I think it doesn't make sense to suggest that 2 + 3 = 5 is a belief. It is the result of a set of definitions. As long as we agree on what 2, +, 3, =, and 5 mean, we have to agree on what 2 + 3 = 5 means. I think that if your brain were subject to a neutrino storm and you somehow felt that 2 + 3 = 6, you would still be able to verify that 2 + 3 = 6 by other means, such as counting on your fingers.
I think once you start asking why these things are the way they are, don't you have to start asking why anything exists at all, and what it means for anything to exist?
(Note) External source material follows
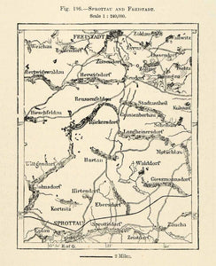This is an original 1882 monochrome relief line-block map of Sprottau and Freistadt, Germany, as well as surrounding cities.

And I'm pretty sure at that point, we are firmly in the province of philosophy and there are no equations to be written, because the existence of the equations themselves is part of the question we're asking.
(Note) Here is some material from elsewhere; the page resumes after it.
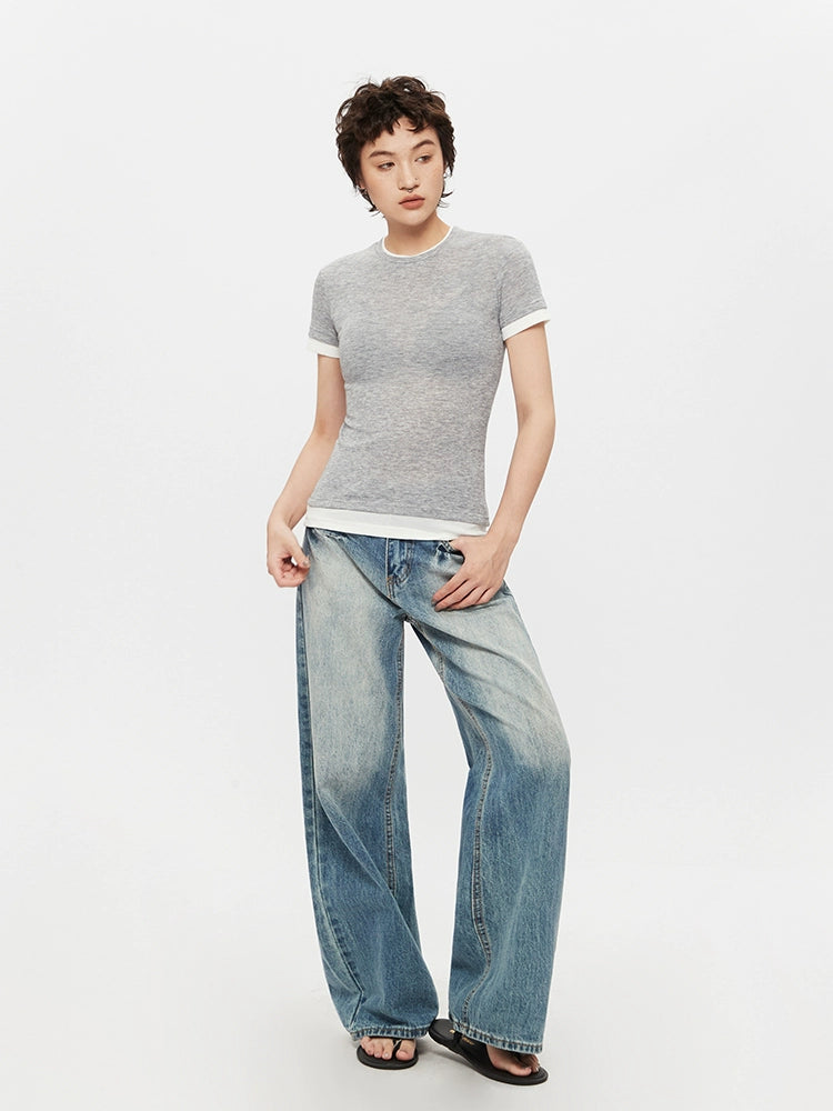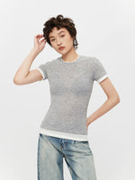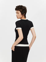 Slim Fit Kontrastbesatz Kurzarm Rollkragen

But I mean, this question has been in my mind since the beginning of the quantum series. I've written a lot of useful software since then, though, without entertaining it much. Do you think maybe it's just better to get on with our lives? It's not a rhetorical question, I really don't know.
Isn't a silicon chip technically a rock?
Also, I take it that this means you don't believe in the whole, "if a program implements consciousness, then it must be conscious while sitting passively on the hard disk" thing. I remember this came up before in the quantum series and it seemed to me absurd, sort of for the reasons you say.
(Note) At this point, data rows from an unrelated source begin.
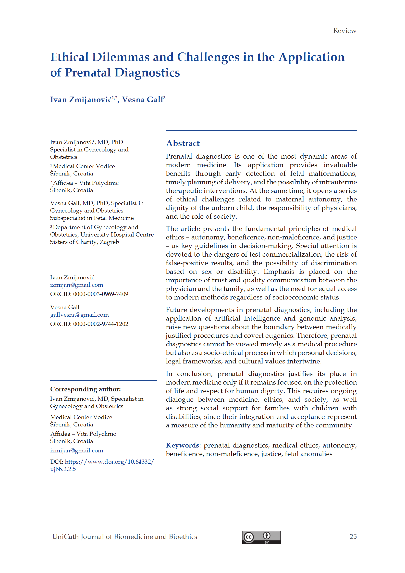 Prenatal diagnostics is one of the most dynamic areas of modern medicine. Its application provides invaluable benefits through early detection of fetal malformations, timely planning of delivery, and the possibility of intrauterine therapeutic interventions. At the same time, it opens a series of ethical challenges related to maternal autonomy, the dignity of the unborn child, the responsibility of physicians, and the role of society.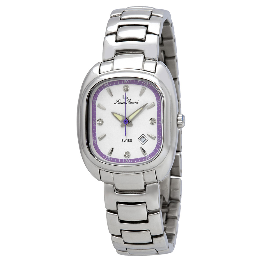 Silver-tone stainless steel case and bracelet. Fixed silver-tone bezel. White dial with luminous silver-tone hands and index hour markers. Crystals-set at the 3, 6, 9 and 12 o'clock positions. Minute markers around the outer rim. Dial Type: Analog. Luminescent hands. Date display between the 4 and 5 o'clock positions. Quartz movement. Scratch resistant sapphire crystal. Solid case back. Rectangle case shape. Deployment clasp. Water resistant at 30 meters / 100 feet. Functions: date, hour, minute, second. Dress watch style. Lucien Piccard White Dial Stainless Steel Ladies Watch 1B-067.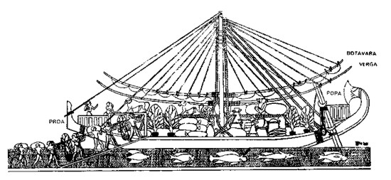 UN NAVEGANTE SOFISTICADO. La atracción de cargamentos valiosos más allá de Egipto condujo a lo construcción de buques más complejos que el que se ve aquí. Treinta remeros ayudaban a propulsar el buque que data de 1500 a.C. El aparejo permitía arriar las velas mientras el buque estaba anclado. Se hacia bajando la varga superior hasta la botavara. Las cuerdas que van de las vergas al mástil servían para izar la vela. Otros aparejos de proa y popa servían para sostener el mástil.
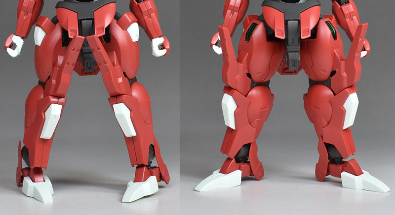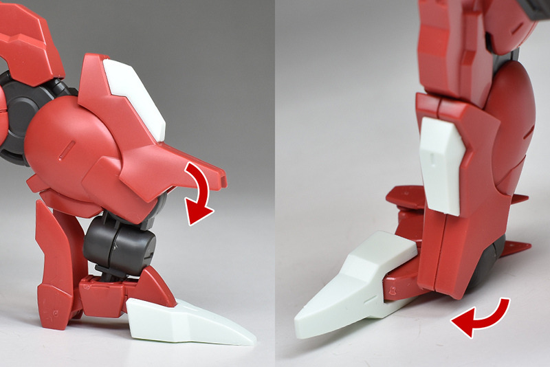 The knees are equipped with vertical knee crushers. The front side also has a pellet mine launch port. The back side is a bit sad that there is no meat; the shell units on the front and sides of the thighs are reproduced by covering them with clear parts over stickers.

If everything I do and believe is a consequence of the structure of the universe, then what does it mean to say my morality is/isn't built into the structure of the universe? What's the distinction? As far as I'm concerned, I am (part of) the structure of the universe.
Also, regarding the previous post, what does it mean to say that nothing is right? It's like if you said, "Imagine if I proved to you that nothing is actually yellow. How would you proceed?" It's a bizarre question because yellowness is something that is in the mind anyway. There is simply no fact of the matter as to whether yellowness exists or not.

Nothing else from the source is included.